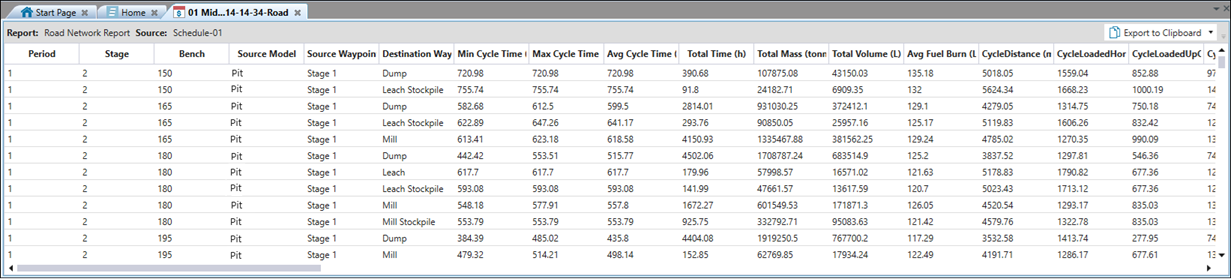 A road network report summarises the time and distances travelled on each bench in a mined pit.
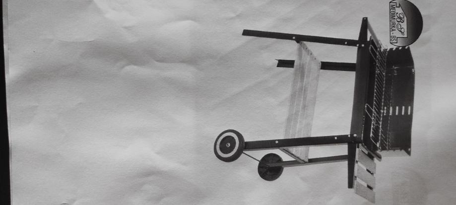 Novo. Zapakirano. Nikad korišten roštilj na kotačima sa policom. Boja crna. Materijal inox, drvene pomoćne površine. Dimenzije: 83,5×41×86. Visina pečenja na 5 razina. Dimenzije rešetke za pečenje 48×28,5. Težina roštilja 7 kg.
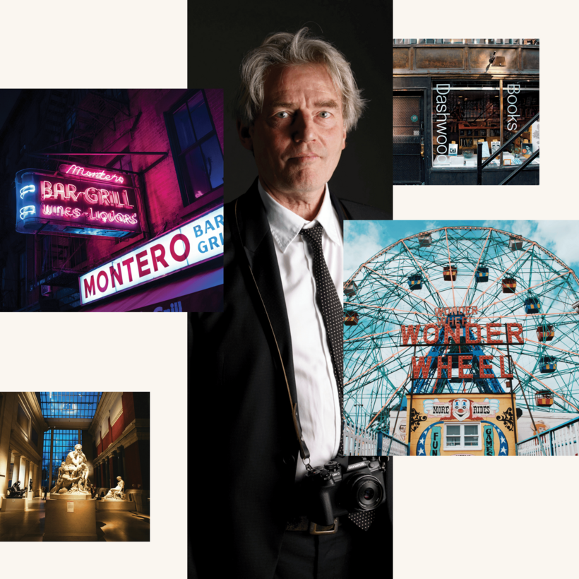 Before long, Jones signed on to work for Vanity Fair. At the magazine, his job was to attend parties and snap pictures of the smart set—from Iris Love and Brooke Astor to Imelda Marcos. Though Jones eventually moved back to Britain in the 1990s, he still visits New York to catch up with old acquaintances and stop into his favorite cafes, galleries, and bookstores. Ahead of presenting his photographs at Photo London, Jones shares his favorite spots in New York City.

=== What the exercise asks ===
Exact copy, no pictures: reproduce the whole listing above.

=== Reply to the exercise ===
 A road network report summarises the time and distances travelled on each bench in a mined pit.
 Novo. Zapakirano. Nikad korišten roštilj na kotačima sa policom. Boja crna. Materijal inox, drvene pomoćne površine. Dimenzije: 83,5×41×86. Visina pečenja na 5 razina. Dimenzije rešetke za pečenje 48×28,5. Težina roštilja 7 kg.
 Before long, Jones signed on to work for Vanity Fair. At the magazine, his job was to attend parties and snap pictures of the smart set—from Iris Love and Brooke Astor to Imelda Marcos. Though Jones eventually moved back to Britain in the 1990s, he still visits New York to catch up with old acquaintances and stop into his favorite cafes, galleries, and bookstores. Ahead of presenting his photographs at Photo London, Jones shares his favorite spots in New York City.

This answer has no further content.